Да, нам надо было отдохнуть. И Венеции надо было отдохнуть. Она уже одержала все свои великие победы. Мощи святого Марка были вывезены из Александрии генуэзскими пиратами еще пятьсот лет назад (догадываюсь, что Нафаня принимал в этом участие) и торжественно водружены в алтарь одноименного собора. Сотни лет Венеция торговала, воевала, строила, отвоевывала сушу у моря, вымирала от чумы несколько раз, развлекалась. В этой жизни, когда впервые посетил Венецию, записал такое:

Кишели, жили, умирали,
За слоем слой ложились в ряд,
У моря сушу отбирали,
Церквями наполняя град.

Арабы, римляне, евреи,
В полсантиметре от воды,
Вели постройки как хотели,
Под знаком видимой беды.

На мост Риальто заступали,
Ночами прятались в дома,
А там ждала, не разбирая,
Неумолимая чума.

На карнавальном раскардаше,
Под маской позабыв себя,
Барахтались в любовной каше,
И похмелялись, разлюбя.


Мы наблюдаем завершенье
Тогдашних действий и страстей.
Настало время отрезвленья
От многовековых затей.

А престарелые туристы,
Артрит в отеле захватя,
Сползают с мостиков так быстро,
Что только фантики летят.

И вот теперь, после всех напряжений, Венеция захотела расслабиться, и в этом смысле у нас с Венецией совпало.
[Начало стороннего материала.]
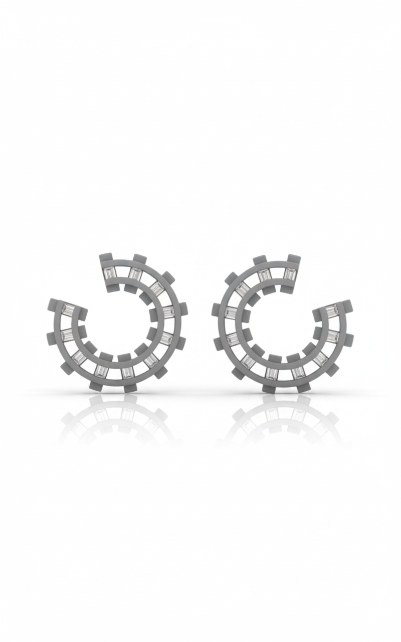 Architectural Railroad Diamond Loop earring design CAD Study is presented as a statement earring design prepared for CAD modeling, 3D jewelry development, and production planning. This CAD direction is shaped for jewelry development discussions where design character and manufacturability both matter.

Пожелав себе праздника, Венеция придумала Карнавал. А я придумал комедию дель арте как театральный жанр. Прежде сия комедия превосходно разыгрывалась на венецианских пьяцеттах известными и любимыми масками. Я же добавил в это буйство второй уровень: немного литературы, немного фантазии, немного театра как специфического искусства.

В результате вышло так: Венеция, основанная на островах, явила собой грандиозную каменную симфонию, Лабиринт, пронизанный спиралью водных каналов в гранитной оправе. Лабиринт сей плавал в стихиях Адриатики и Карнавала с утра до вечера, шесть месяцев в году, весь восемнадцатый век, прерываясь только на католические посты. Карнавальное кружение нашло себе центр. Это был театрик Сан-Самуэле, в котором труппа Сакки разыгрывала пьесы, что я специально для них писал. Тридцать пять лет при полном аншлаге – это тебе не мелочь по карманам тырить. Мы понимали, что работаем в балаганчике, который является частью большего театра – Театра Венеции и Театра Господа Бога. Все взоры разумной вселенной были прикованы к нам, и мы не имели права подвести, ударить лицом в грязь. Мы играли, любили и прожигали эту жизнь во все тяжкие, со всей ответственностью и на полном доверии к происходящему с нами и с городом.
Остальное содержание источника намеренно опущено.